This is an archive of the discontinued LLVM Phabricator instance.

AMDGPU: use ComplexPattern for offsets in llvm.amdgcn.buffer.load/store.format
ClosedPublic

Authored by nhaehnle on Mar 16 2016, 1:04 PM.

Details

Summary

We cannot easily deduce that an offset is in a SGPRs, but the Mesa frontend
cannot easily make use of an explicit soffset parameter. Furthermore, it is
likely that in the future, LLVM will be in a better position that the frontend
to choose an SGPR offset if possible.

Since there aren't any frontend uses of these intrinsics in upstream
repositories yet, I would like to take this opportunity to change the
intrinsic signatures to a single offset parameter, which is then selected
to immediate offsets or voffsets using a ComplexPattern.

Diff Detail

Event Timeline

nhaehnle updated this revision to Diff 50847.Mar 16 2016, 1:04 PM
nhaehnle retitled this revision from to AMDGPU: use ComplexPattern for offsets in llvm.amdgcn.buffer.load/store.format.
nhaehnle updated this object.
nhaehnle added a subscriber: llvm-commits.
lib/Target/AMDGPU/AMDGPUISelDAGToDAG.cpp
1128–1134

If an offset is too big for the ImmOffset field we should split the offset and store the part in ImmOffset and part in soffset.
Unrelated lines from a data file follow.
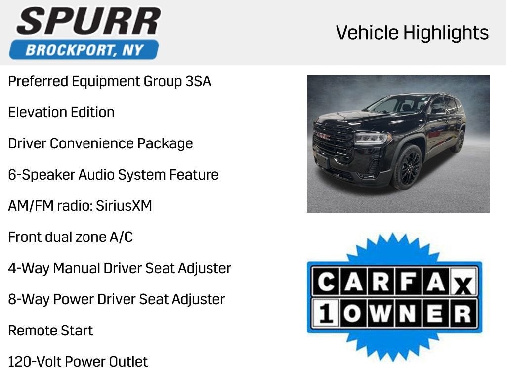 AWD, Jet Black Cloth, 120-Volt Power Outlet, 20 Machined Aluminum Wheels, 4-Way Manual Driver Seat Adjuster, 4-Way Manual Passenger Seat Adjuster, 6-Passenger (2-2-2 Seating Configuration), 6-Speaker Audio System Feature, 8-Way Power Driver Seat Adjuster, AM/FM radio: SiriusXM, Apple CarPlay/Android Auto, Auto High-beam Headlights, Brake assist, Brushed Aluminum Roof Rails, Delay-off headlights, Driver Convenience Package, Elevation Edition, Emergency communication system: OnStar and GMC connected services capable, Front Bucket Seats, Front Center Armrest, Front dual zone A/C, Fully automatic headlights, Gloss Black Roof Rails, Hands Free Power Programmable Liftgate, Heated door mirrors, Heated Driver & Front Passenger Seats, Power Driver Lumbar Control Seat Adjuster, Preferred Equipment Group 3SA, Remote keyless entry, Remote Start, Steering wheel mounted audio controls, Telescoping steering wheel, Wireless Apple CarPlay/Wireless Android Auto.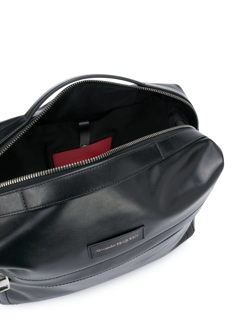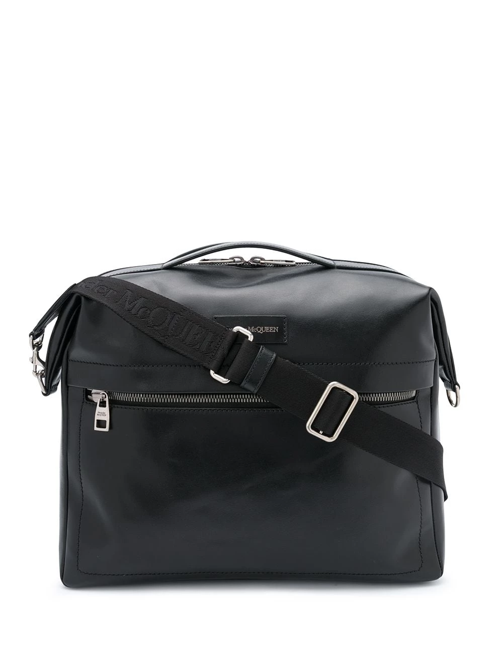 Black leather logo-patch tote bag from Alexander McQueen featuring logo patch to the front, top zip fastening, two rounded top handles, adjustable detachable shoulder strap, logo shoulder strap, front zip-fastening compartment and internal card slot.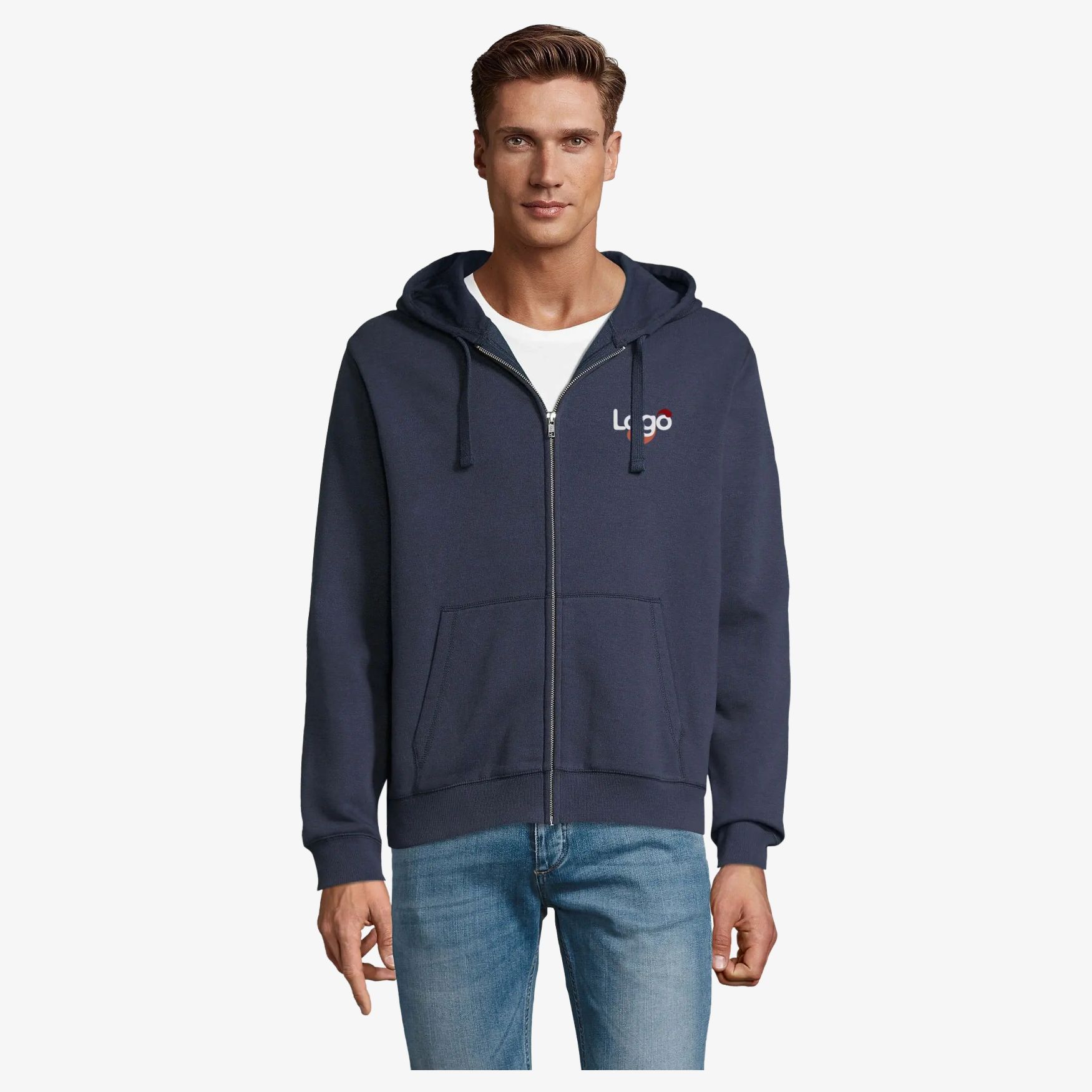Mænds jakke med zip og kappe. Monterede ærmer. To kænguru-lommer, sømskåret. Kappe med indlagt snor i tone-i-ton. Mansjetter og nederdel i bordkost 2x2. Halvmåne inde i kraven. Renhedsstrop på krævets inderside. 80% ringspun bomuld 20% polyester. Indvendigt skrubbet. Udvendigt 100% bomuld. Mulighed for personalisering med broderi eller dit logo.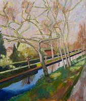 Voorjaar op de Volkstuin in Vlaardingen 60x70 cm acryl canvas.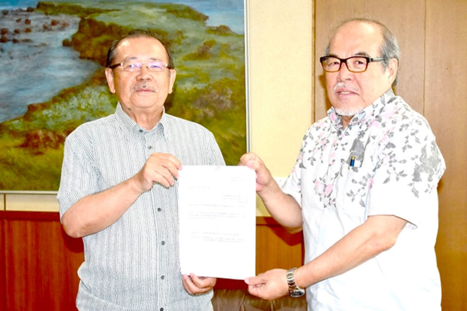 宮古島市都市計画審議会(会長・下地義治宮古島商工会議所会頭)は10日、市役所平良庁舎に長濱政治副市長を訪ね、宮古島市諮問第1号で諮問を受けていた宮古都市計画公園の変更(9・6・1号宮古広域公園)について、意見を付帯した上で原案に同意すると答申した。この中で下地会長は、付帯意見について「事業実施にあたっては、沖縄県と宮古島市で連携し、地域住民と十分な意見交換を行い、理解を得られるよう取り組んでいただきたい」と説明した。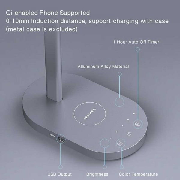 Momax - это устройство, которое совмещает в себе настольную лампу и платформу для беспроводной зарядки смартфонов. Лампа имеет регулировку яркости и температуры света, а также выбор угла наклона. Кроме того, в модели предусмотрен выход USB для проводной зарядки смартфонов или планшетов.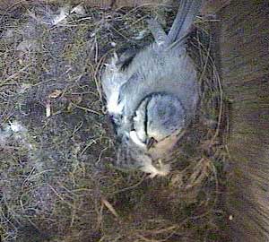 It is now 8.10am following morning, and the chicks have hardly moved overnight and are now clearly dead. Neither parent has visited the nest box since we first switched on.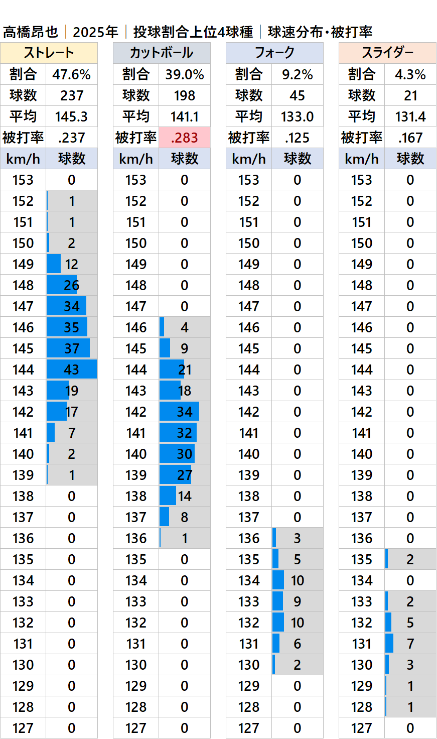 高橋昂也投手|球速・球種・被打率│2025│球速ドットコム

If the part in soffset is less than 64, then you save a move instruction since you can encode inline immediates up to 64 in the soffset field, and for cases when the part in soffset is greater than 64 up to 2^16, you can use an s_movk instruction to copy the immediate into register, saving 4 bytes of code size.
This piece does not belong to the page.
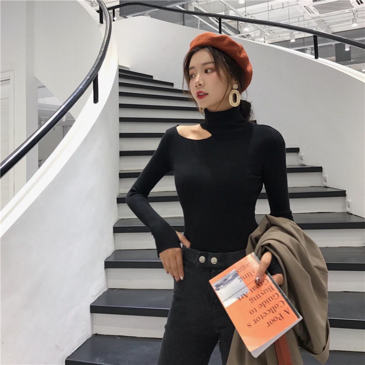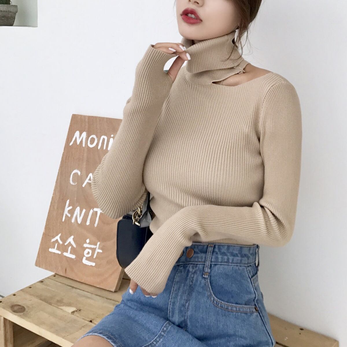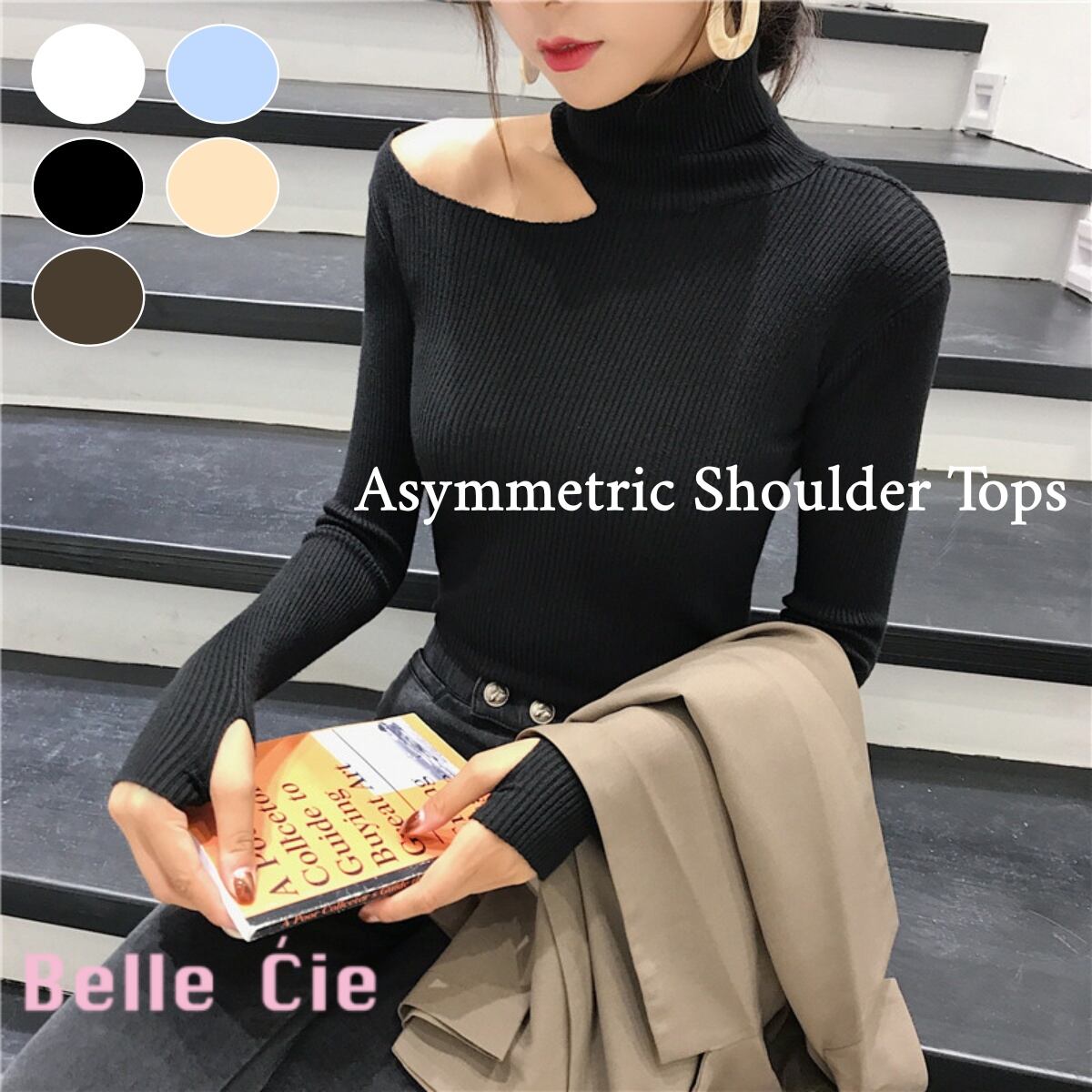 リブ編みテレコ トップス レディース アシンメトリーショルダー カットソー 長袖Tシャツ アシメ タ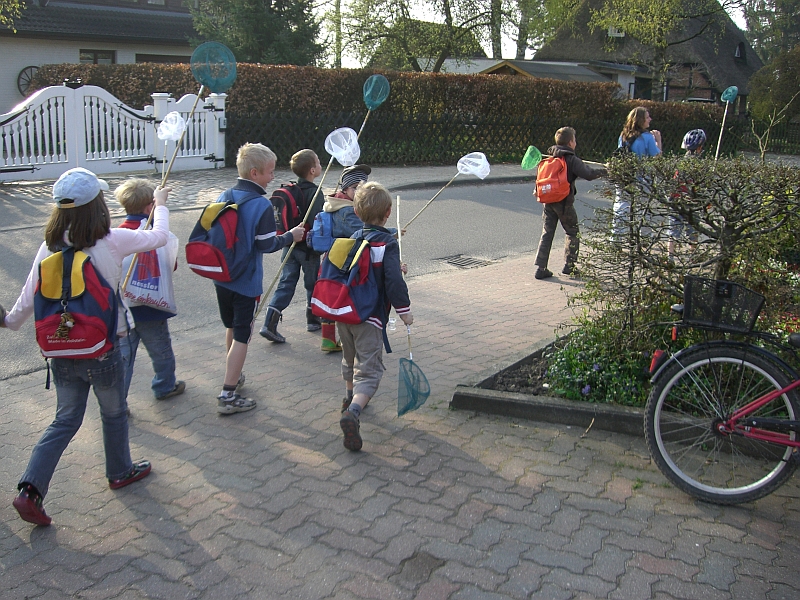 Die Strusbek, die Feuerlöschteiche und die Regenrückhaltebecken waren die Ziele. In vier Gruppen waren die Kinder mit den Begleitern unterwegs und untersuchten die Temperatur, die Lebewesen in und an den Gewässern, die Tiefe und den Umfang der Teiche und Becken. Was oder wer kann schwimmen? Viele interessante Dinge gab es zu entdecken und so wurde schnell vergessen, dass das Wasser tief und nass war. Interessant wie viel Wasser in die Gummistiefel passt. Diverse Schuhe, Strümpfe und Hosen mussten bereits unterwegs gewechselt werden. Müde aber zufrieden trafen alle zum Mittagessen im Mehrzweckhaus ein. Hier gab es passend zum Tagesthema Fischstäbchen mit Pommes.

nhaehnle updated this revision to Diff 50941.Mar 17 2016, 8:50 AM

Use isSchedulingBoundary instead of implicit-use of EXEC, which gets rid of
the target-independent modifications.

This is indeed more conservative, as you can tell from the change in
si-scheduler.ll: previously, the later scheduling passes managed to move the
initial s_wqm_b64 after the s_load_dwordx4 & x8, i.e. we lose slightly in
latency hiding.

The impact should be small, and it does make sense to land a more conservative
and robust patch initially.

nhaehnle updated this revision to Diff 50942.Mar 17 2016, 9:15 AM

Refine the constant handling for some boundary cases. Note that the S_MOV_B32
automatically becomes an s_movk_i32 when possible - I've also added a test
case for that.

lib/Target/AMDGPU/AMDGPUISelDAGToDAG.cpp
1136–1142

When the immediate is greater than 4095 + 64, if you put the overflow in ImmOffset, then when you have sequential loads they can all read the non-overflow part from the same SGPR, which would save instructions.
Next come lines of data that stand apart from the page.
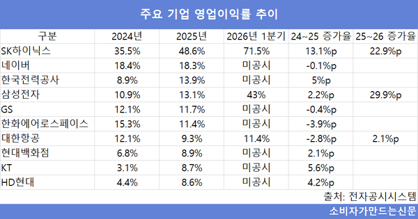 지난해 말 기준 영업이익률 순위는 SK하이닉스에 이어 ▲네이버(대표 최수연) 18.3% ▲한국전력공사(대표 김동철) 13.9% ▲삼성전자(대표 전영현·노태문) 13.1% ▲GS(대표 허태수·홍순기) 11.7% ▲한화에어로스페이스(대표 김동관·손재일) 11.4% 등의 순이었다.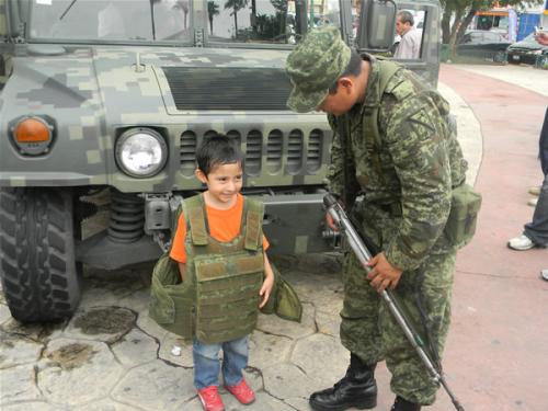 “La gente nos respeta porque sabe que estamos trabajando para ellos, y la aceptación de la sociedad es buena”, explicó, mientras a su lado unos niños se tomaban fotos al lado de unos militares, ya fuera tomando con sus manos un arma descargada, con un chaleco antibalas o arriba de uno de los vehículos.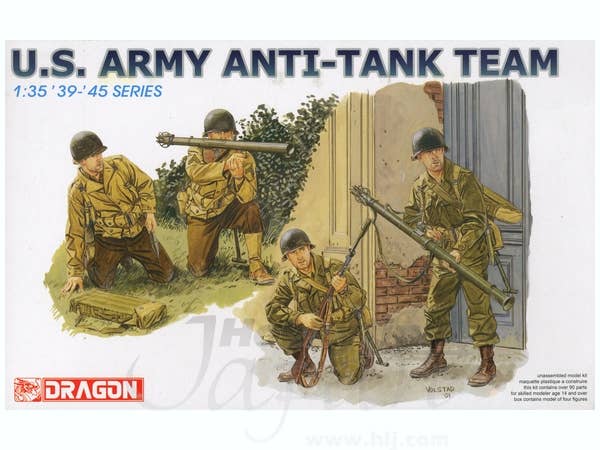 Set of four figures equipped with the famous "Bazooka" M1 and M9 anti-tank rocket launchers and M1 rifle M9A1 anti-tank grenades. Two figures crouching are in M1941 uniform. Other two figures are in M1943 uniform. Sharp crisp detail throughout. Lots of extra small fire arms are included, too.

nhaehnle updated this revision to Diff 50981.Mar 17 2016, 3:26 PM

I like that idea. Here's an updated patch, including a test to verify that
the soffset constant really is re-used.

tstellarAMD accepted this revision.Mar 18 2016, 8:28 AM
tstellarAMD edited edge metadata.

LGTM.

This revision is now accepted and ready to land.Mar 18 2016, 8:28 AM
This revision was automatically updated to reflect the committed changes.